Édito du 16 avril 2025

HCERES : la fin d’une illusion d’indépendance

L’HCERES tangue. Le processus parlementaire n’est pas encore bouclé, des zones d’ombre subsistent sur sa disparition annoncée, mais déjà sa présidente, Coralie Chevalier — interviewée par News Tank — a senti passer le vent du boulet. Et pour cause : l’institution vacille, prise dans une tempête politique où la science devient terrain de jeu.
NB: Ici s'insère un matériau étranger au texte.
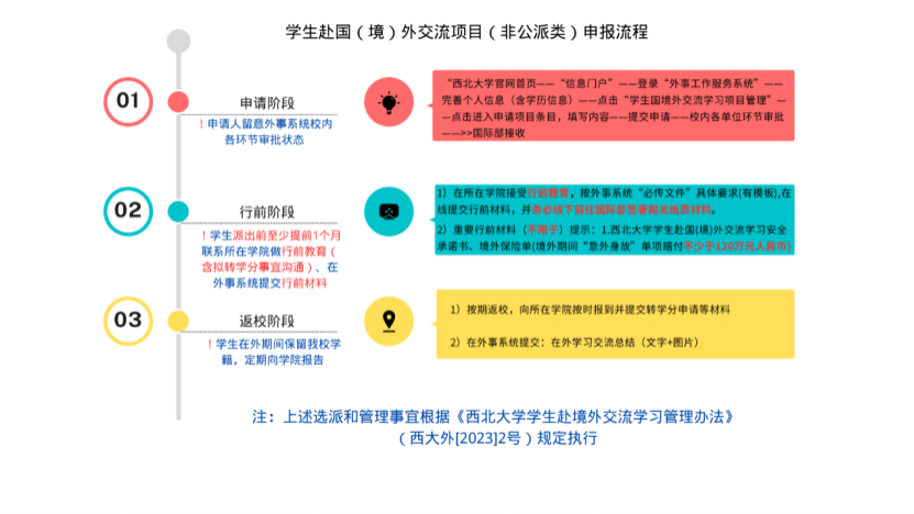 3. 申请学生在确定录取后,应及时履行出国(境)前相关行前手续。请务必了解有关本项目学生的申请、行前、返校阶段情况说明,请见下图。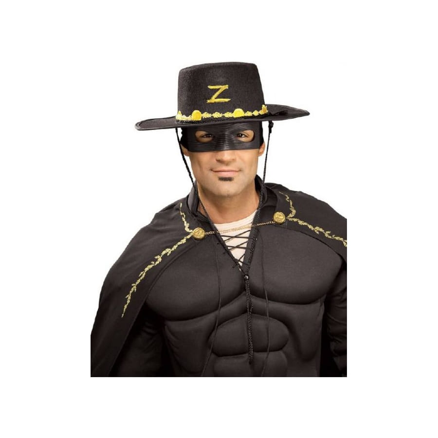 Rendu célèbre par son courage, son habileté et son grand coeur, Zorro continue de combattre les malfaiteurs pour que la justice règne. Vous aussi, n'hésitez pas à défier les malfrats en vous emparant de ce kit masque et chapeau de Zorro pour homme. Glissez dans le rôle du personnage en portant un grand chapeau de couleur noire, faisant 58 cm de tour de tête environ. L'accessoire est orné de motifs dorés à la base et d'un imprimé grand "Z" à l'avant. Le masque est noir et entoure le regard. Il est doté de deux trous pour les yeux. Il vous suffira de l'attacher à l'arrière de la tête.

Cet épisode législatif, aussi opportunément instrumentalisé soit-il, révèle crûment un malaise plus profond : celui d’une communauté scientifique dépossédée de ses prérogatives, privée du contrôle de ses propres règles du jeu. Il met en lumière une confusion dangereuse entre deux fonctions pourtant bien distinctes : l’évaluation de la recherche par les pairs — qui nécessite compétence, rigueur, et légitimité scientifique — et l’évaluation des politiques publiques, qui relève d’un tout autre niveau d’analyse, politique celui-là.

Mais voilà : certains parlementaires s’imaginent qu’évaluer la recherche est à leur portée, oubliant un peu vite que la science ne se plie pas aux logiques de couloirs ou de commissions. Sauf que cette dérive n’est pas nouvelle. L’indépendance de l’HCERES vis-à-vis du pouvoir politique ? Une façade, depuis longtemps fissurée. La Cour des comptes, dans son rapport de 2021, n’a pas mâché ses mots : discrédit moral et financier. Rideau.
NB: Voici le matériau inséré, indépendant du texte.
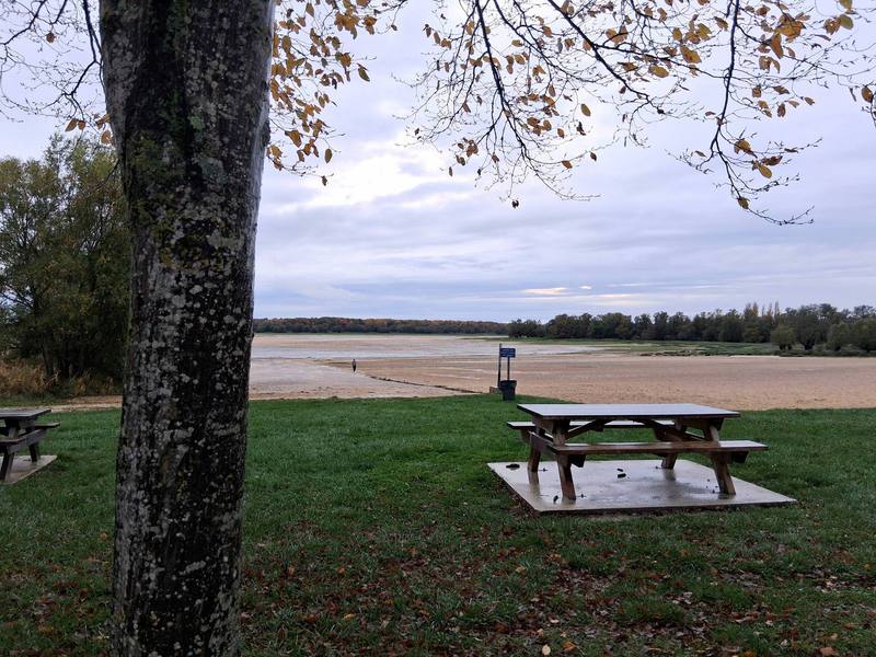 Um 9 Uhr verlassen wir Kriftel. Es ist trocken aber bewölkt. Durch das rheinhessische Hügelland haben wir noch die Hoffnung, dass die Sonne es schafft. Beim Überqueren der Grenze nach Frankreich wechseln wir am Steuer, ich fahre nach Frankreich rein und es beginnt zu regnen. Nach 2 Stunden machen wir eine Mittagspause, wechseln wieder den Fahrerplatz und Rüdiger schaltet den Starkregen an. Wir sind schon soweit, dass wir bis nach Tours weiterfahren wollen, um endlich die Nässe hinter uns zu lassen, aber die Strecke wird dann doch zu lang und so nisten wir uns in der Nähe von Troyes auf einem idyllischen Campingplatz ein. Der Regen wird weniger. Etwas Bewegung muss doch noch sein, so laufen wir in Richtung See. Es sind nur 500 Meter, dann sehen wir, dass hier ein sehr schönes Freizeitgelände ist, nur leider ist kein Wasser im See. Es kreisen Kraniche über dem Gelände und suchen ebenfalls das Wasser. Zurück am Camper prüfen wir das Regenradar für morgen und entscheiden uns, weiterzufahren.

Et pourtant, des alternatives existent. Dans chaque EPST, des instances d’évaluation fonctionnent — discrètes mais solides. Elles rassemblent des élu·es par la base, des nommé·es par l’administration, dans tous les corps de métier : chercheur·es, enseignant·es-chercheur·es, ingénieur·es, technicien·nes. Le Comité national de la recherche scientifique en est une démonstration vivante.

Alors, plutôt que de démanteler ce qui reste de légitimité dans l’évaluation, pourquoi ne pas faire confiance à ces comités ? Écoutons-les. Laissons-les travailler. Offrons-leur la transparence, les moyens, et surtout, l’autonomie. Il est temps de rendre à la communauté académique la liberté de juger de la qualité de son propre travail.

C’est à cette seule condition que le législateur pourra prendre des décisions éclairées, et allouer justement les ressources à une recherche publique qui mérite mieux que des rustines idéologiques. Car si la France veut rester parmi les nations qui comptent dans la production de savoirs, ce n’est pas en muselant ses chercheur·es qu’elle y parviendra.